- Gold hits three-week highs near $3,375 early Monday, then retreats.
- The US Dollar wobbles as President Trump widens trade war ahead of Tuesday’s US inflation data.
- Gold price tested 23.6% Fibo level at $3,377, having regained all major daily averages amid bullish RSI.
Gold price has come under renewed selling pressure as buyers fail to sustain at higher levels early Monday. Traders gear up for an action-packed week amid looming trade war risks.
Gold price pulls back before the next leg north
Heightened tensions that US President Donald Trump’s latest tariff threats could widen a trade war globally pushed Gold price to the highest level in three weeks of $3,374 in the opening hours of Monday’s trading.
Asian traders hit their desks and reacted negatively to the weekend’s news of Trump threatening to impose a 30% tariff on imports from the European Union (EU) and Mexico, starting on August, having sent tariff letters to about 20 other countries last week.
The initial rush to safety propped up Gold price but sellers quickly jumped in after markets breathed a sigh of relief, digesting late Sunday’s comments from European Commission President Ursula von der Leyen.
von der Leyen noted that the EU will extend its suspension of trade countermeasures against new US tariffs until August 1, as it continues its efforts to resolve the trade dispute with the US through dialogue.
Signs of no imminent retaliation from the EU helped the US Dollar (USD) regain some lost ground, fuelling a pullback in Gold price even as US Treasury bond yields paused their recent uptrend.
All eyes turn to Tuesday’s US Consumer Price Index (CPI) data release, with investors looking to gauge the impact of Trump’s tariffs feeding through the prices.
US inflation data will help markets reprice expectations of the next US Federal Reserve interest rate cut, as calls for an extended pause through 2025 rise.

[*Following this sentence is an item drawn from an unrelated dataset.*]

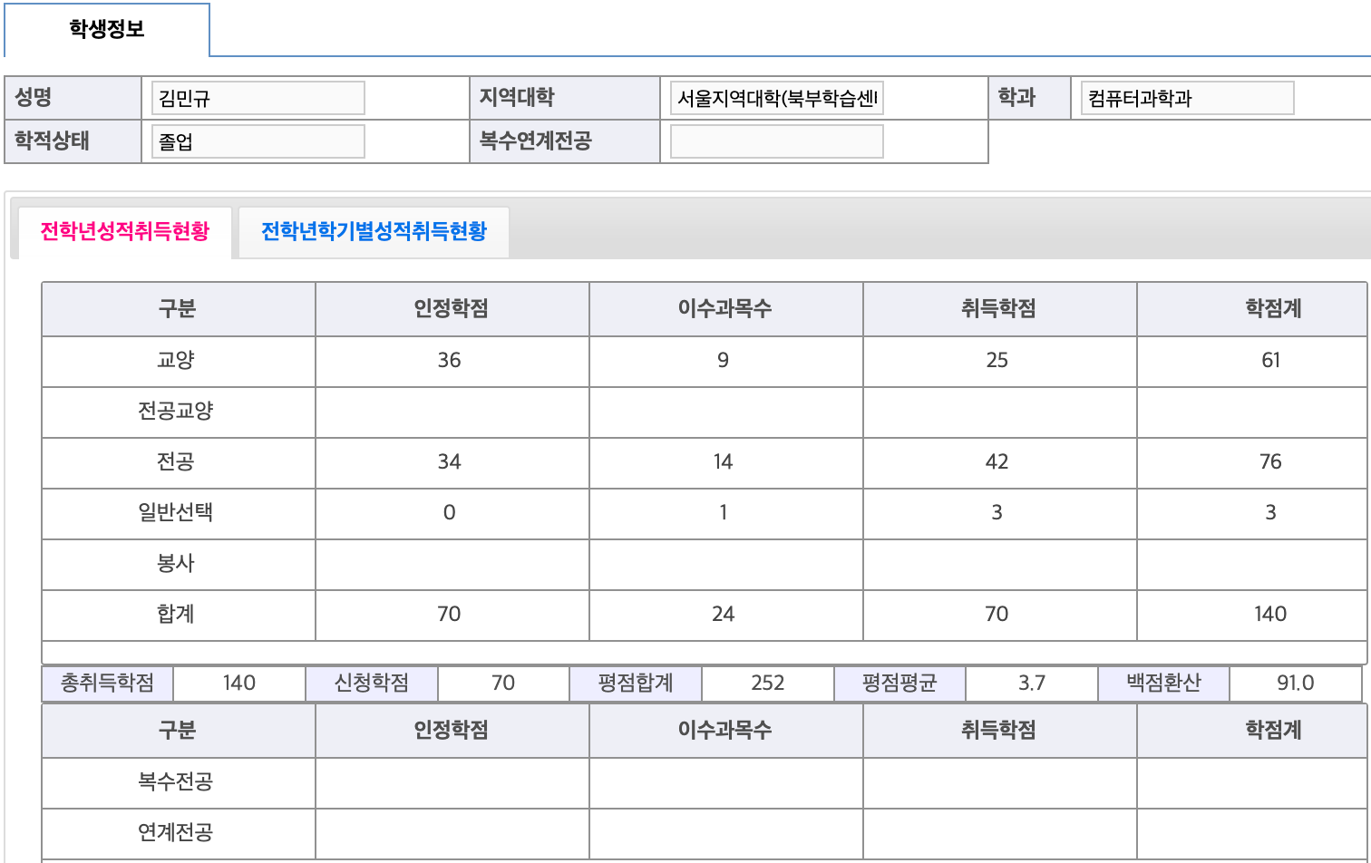 편입 인정학점은 70학점으로 졸업까지 필요한 학점은 총 70학점이었습니다.

Markets are currently pricing in 50 basis points (bps) rate cuts this year, with a 60% chance that the Fed will reduce rates in September, according to the CME Group’s FedWatch Tool.
Ahead of the US inflation report, the Chinese second-quarter Gross Domestic Product (GDP) data will be released, which could have a significant market impact.
Also, in focus remains the US corporate earnings as a new season kicks in amid rife trade and geopolitical tensions.
US President Trump said on Sunday that he will send Patriot air defence missiles to Ukraine. He is due to make a “major statement” on Russia on Monday, per Reuters.
Gold price technical analysis: Daily chart
Gold price snapped a three-day recovery trend after facing rejection just shy of the 23.6% Fibonacci Retracement (Fibo) level of the April record rally at $3377 in early Asian trading this Monday.
Despite the pullback, the 14-day Relative Strength Index (RSI) continues to suggest additional upside as it holds well above the midline, currently near 54.20.
If selling pressure intensifies, Gold price could meet the initial demand area at the 21-day Simple Moving Average (SMA) at $3,341.
The 50-day SMA at $3,326 will provide the next cushion, below which the 38.2% Fibo level of the same rally at $3,297 will come into the picture once again.
In case buyers manage to take out the 23.6% Fibo level at $3,377 on a daily candlestick basis, a fresh uptrend will initiate toward the $3,400 round level and $3,440 static resistance.
Tariffs FAQs
Tariffs are customs duties levied on certain merchandise imports or a category of products. Tariffs are designed to help local producers and manufacturers be more competitive in the market by providing a price advantage over similar goods that can be imported. Tariffs are widely used as tools of protectionism, along with trade barriers and import quotas.
Although tariffs and taxes both generate government revenue to fund public goods and services, they have several distinctions. Tariffs are prepaid at the port of entry, while taxes are paid at the time of purchase. Taxes are imposed on individual taxpayers and businesses, while tariffs are paid by importers.
There are two schools of thought among economists regarding the usage of tariffs. While some argue that tariffs are necessary to protect domestic industries and address trade imbalances, others see them as a harmful tool that could potentially drive prices higher over the long term and lead to a damaging trade war by encouraging tit-for-tat tariffs.
During the run-up to the presidential election in November 2024, Donald Trump made it clear that he intends to use tariffs to support the US economy and American producers. In 2024, Mexico, China and Canada accounted for 42% of total US imports. In this period, Mexico stood out as the top exporter with $466.6 billion, according to the US Census Bureau. Hence, Trump wants to focus on these three nations when imposing tariffs. He also plans to use the revenue generated through tariffs to lower personal income taxes.